The tiny Arthur River township is another ideal base for exploring the Tarkine. It doesn’t have the restaurants and other amenities of Stanley (which itself is only a 10-minute drive from the much bigger town of Smithton), but it is located right on the river mouth, with a range of kayaking and riverboat cruise options available, plus the rugged coastline on its doorstep.
The Roaring 40s winds that lash sightseers at The Edge of the World lookout, where the Arthur River meets the Southern Ocean, are a small price to pay for the view of the crashing swell. Driving further south, there are more lookouts, walks and wild beaches, including at Sarah Anne Rocks, an area with dramatic coastal rock formations which is named after Tasmanian watercolour artist Sarah Anne Fogg.
The Arthur-Pieman Conservation Area is an important Aboriginal cultural heritage site, containing shell middens, hut depression sites, artefacts and rock engravings left by generations of Aboriginal families who lived along the coast.
If you take the Bass Highway route from Stanley to Arthur River (which takes just over an hour, but isn’t part of the designated Tarkine Drive), then it’s worth also stopping along the way at Tarkine Forest Adventures at Dismal Swamp.

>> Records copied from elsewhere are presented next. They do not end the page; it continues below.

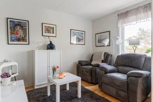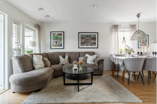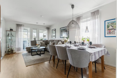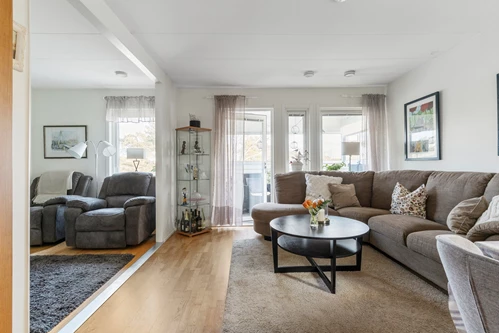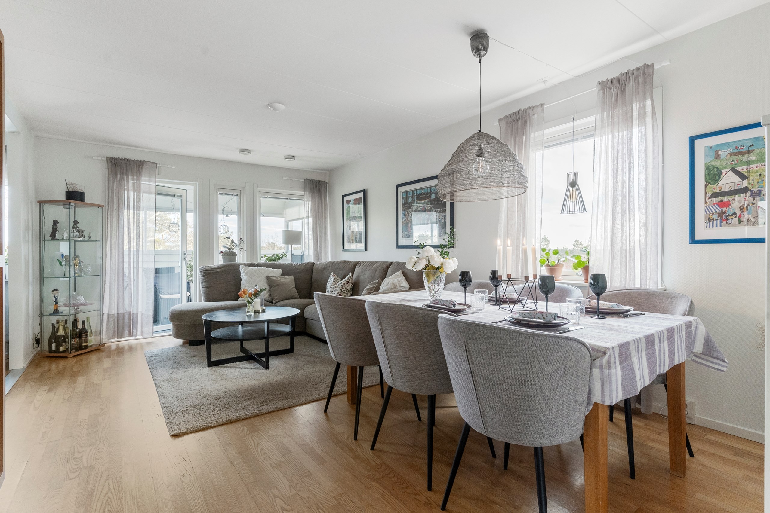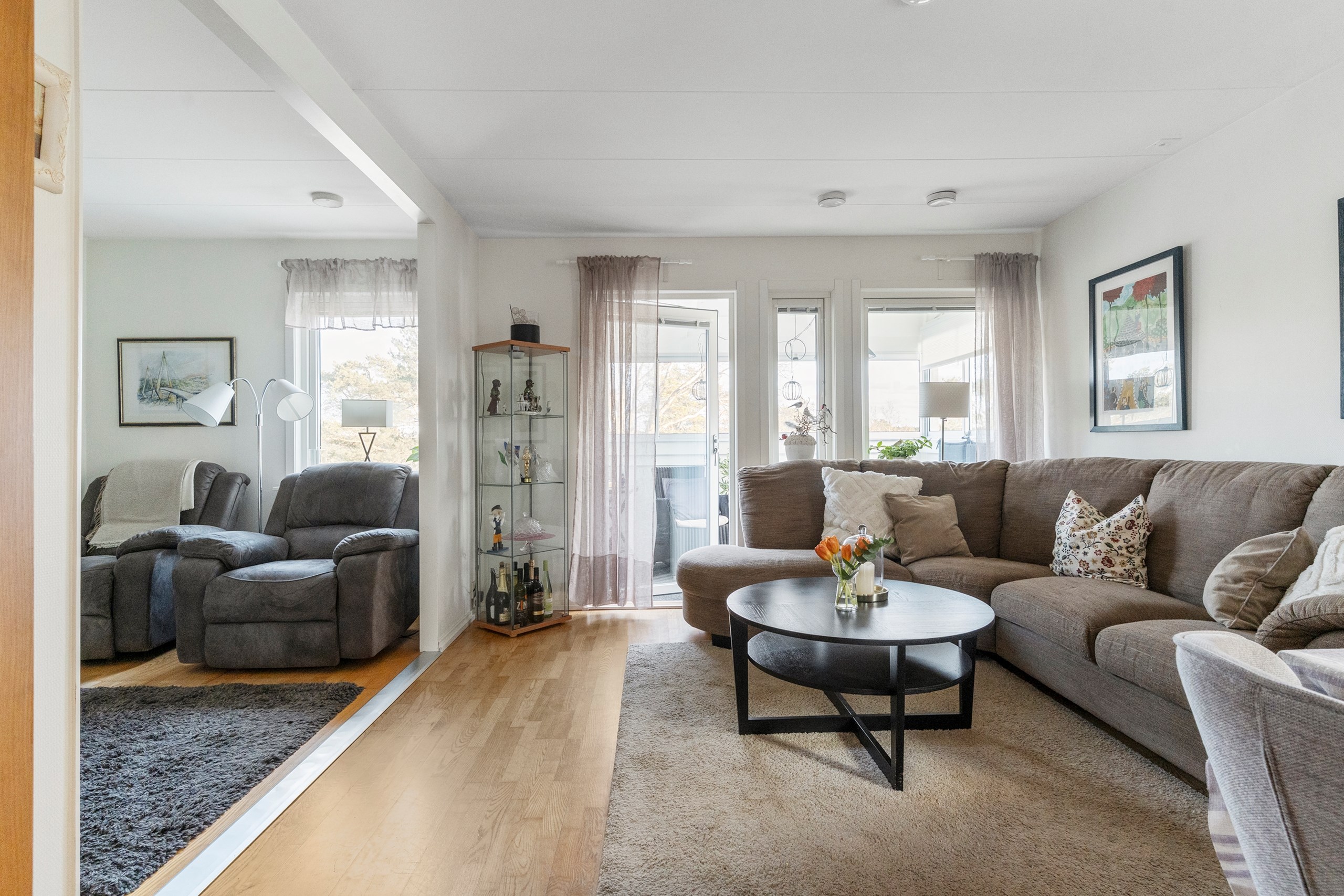 Ljust och rymligt vardagsrum med fönster åt två väderstreck tack vare gavelläget. Parkettgolv och målade väggar samt utgång till den inglasade balkongen.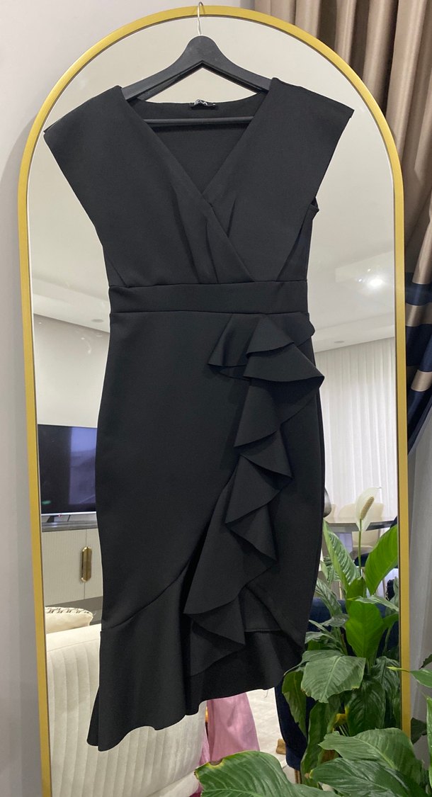 Kadın Siyah Uzun Kollu V Yaka Fırfırlı Elbise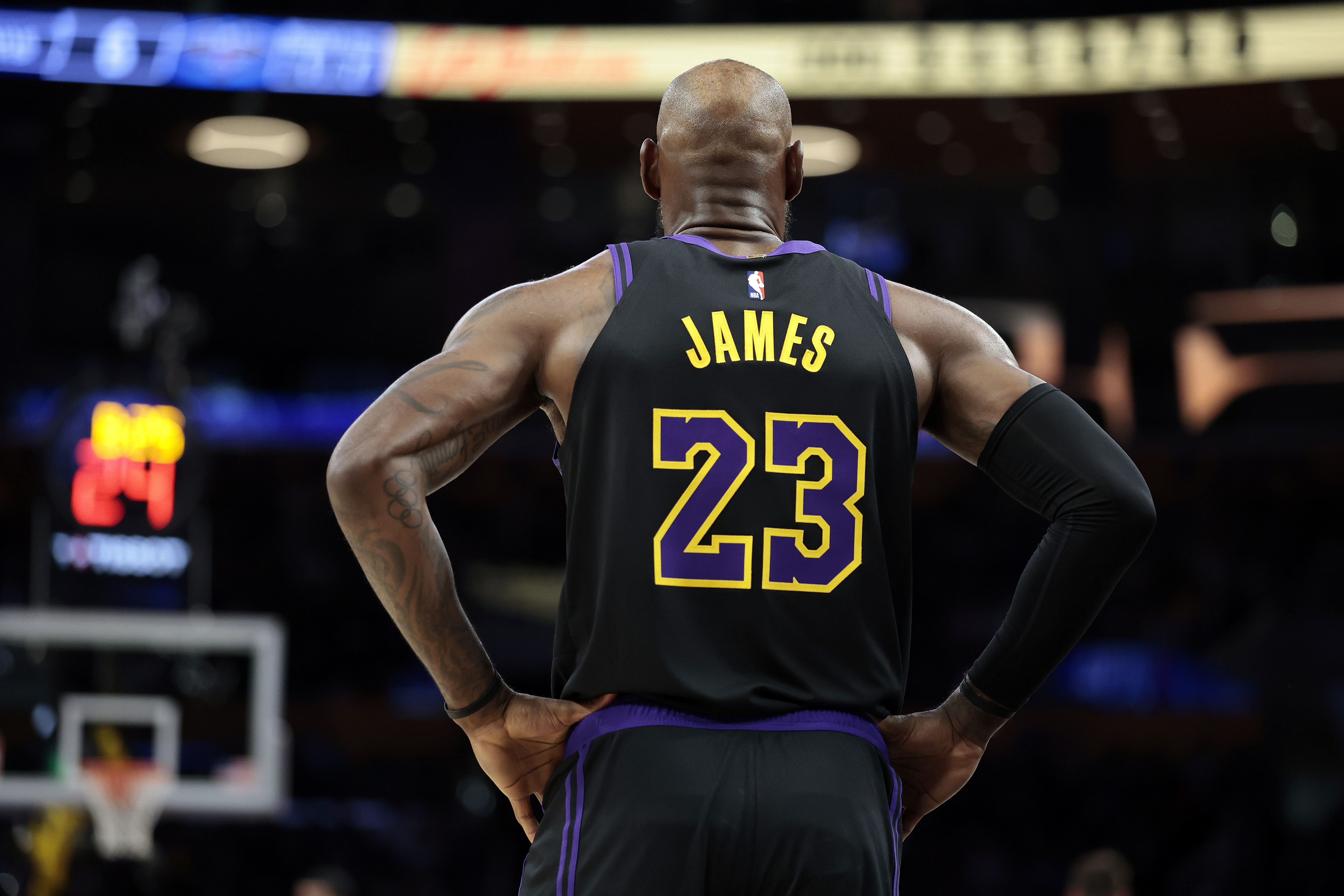 Getty LOS ÁNGELES, CALIFORNIA – 3 DE MARZO: LeBron James #23 de Los Angeles Lakers en la cancha contra los New Orleans Pelicans en la primera mitad en el Crypto.com Arena el 3 de marzo de 2026 en Los Ángeles, California. (Foto de Ronald Martinez/Getty Images)

This is a 640ha sinkhole explored via a maze-like boardwalk which meanders through a forest that includes blackwood and stringybark trees, swamp areas, wildlife and local artworks inspired by the setting.
Discover Tasmania describes the Tarkine Forest Reserve as being “roughly bounded” by the west coast, the Arthur River to the north, the Pieman River to the south and the Murchison Highway to the east.

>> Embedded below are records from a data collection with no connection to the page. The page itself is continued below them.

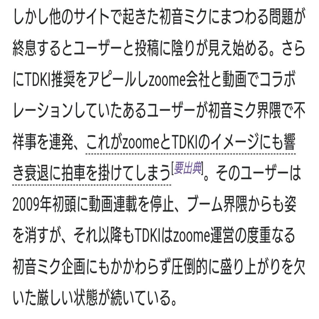 ただそうした中でも先述したとおりzoomeのWikipediaには今現時点でも確認できる不自然な記述があったため改めてその部分を抜粋して紹介したいと思います。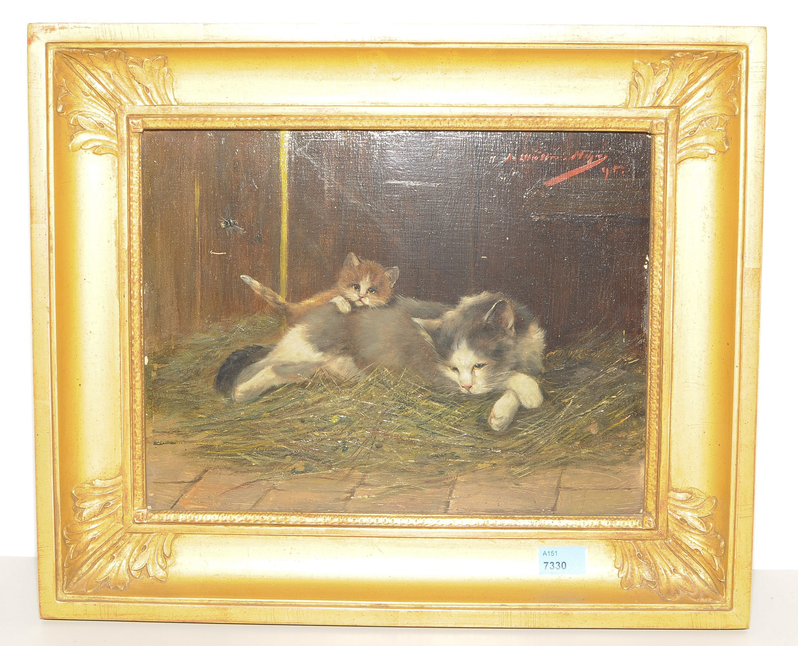 Katzen im Heu. 1895. Öl auf Holz. Oben rechts signiert und datiert. 20,5x27 cm.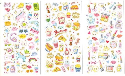 Price: (as of – Details) This set contains 9 pack different design stickers which made from high quality PVC and gold dust, can be attached to the surface of the stationery, toys, furniture, books, cell phones and anywhere you like. Package contain: 9 pack different pattern stickersSize: 3.5×7 inchesThese stickers contains unicorns, shoes rainbows drinks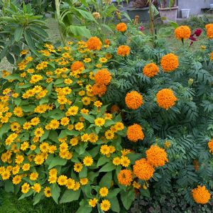 零れ種でどんどん増える アフリカンマリーゴールド🌼 背丈の高いのから低いのまで😳 色んな形の花が咲いています😅 フリルの帽子をかぶっていたり 超ショートな角刈りさん モシャモシャアフロさん🧑🦱 どれが本来の アフリカンマリーゴールド でしょうか😅 🏷ビタミンカラー

It features a diverse landscape that includes mountain ranges, buttongrass plains and coastal heath, as well as the rainforest.
But expectations of a completely untamed swathe of wilderness are quickly dispelled by evidence of the extensive logging industry, with huge commercial forestry plantations alongside the rainforest areas.

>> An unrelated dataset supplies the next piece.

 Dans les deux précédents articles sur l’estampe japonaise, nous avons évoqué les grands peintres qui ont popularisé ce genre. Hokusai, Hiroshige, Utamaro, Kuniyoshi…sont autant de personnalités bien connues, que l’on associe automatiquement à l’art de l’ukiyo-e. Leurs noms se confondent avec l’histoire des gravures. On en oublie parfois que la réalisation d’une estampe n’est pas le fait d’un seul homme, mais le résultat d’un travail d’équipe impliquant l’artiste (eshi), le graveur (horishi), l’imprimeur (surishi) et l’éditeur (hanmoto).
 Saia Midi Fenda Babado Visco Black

The Tarkine has long been at the centre of battles over logging and mining activity, with only a small percentage actually designated as national park. As recently as November, the Bob Brown Foundation hosted a rally on the lawns of Parliament House in Hobart demanding greater protection of the area.
Whether it is because it isn’t designated as national park, or perhaps due to its remoteness in relation to Tasmania’s cities, the Tarkine doesn’t attract the same number of tourists as many of the state’s other attractions.
Visiting in September, we had the rainforest all to ourselves at most of the designated stops on the Tarkine Drive. And looking up in awe at those majestic, towering old trees, with only birds and a lone potoroo for company, it’s hard to imagine how anyone could argue that this special place doesn’t deserve protection from further encroachment.
Getting there: Stanley is 404km from Hobart and 225km from Launceston. Arthur River is nearly 83km, or just over an hour’s drive, from Stanley. The Tarkine Drive begins around 60km from Stanley or 48km from Smithton.
Staying there: Located at Circular Head next to the geological formation known as The Nut, Stanley is a pretty town with colonial buildings, shops, cafes, restaurants and a wide choice of accommodation. Arthur River is a much smaller township, with a caravan park and self-contained accommodation available, but just a couple of small shops selling essential supplies.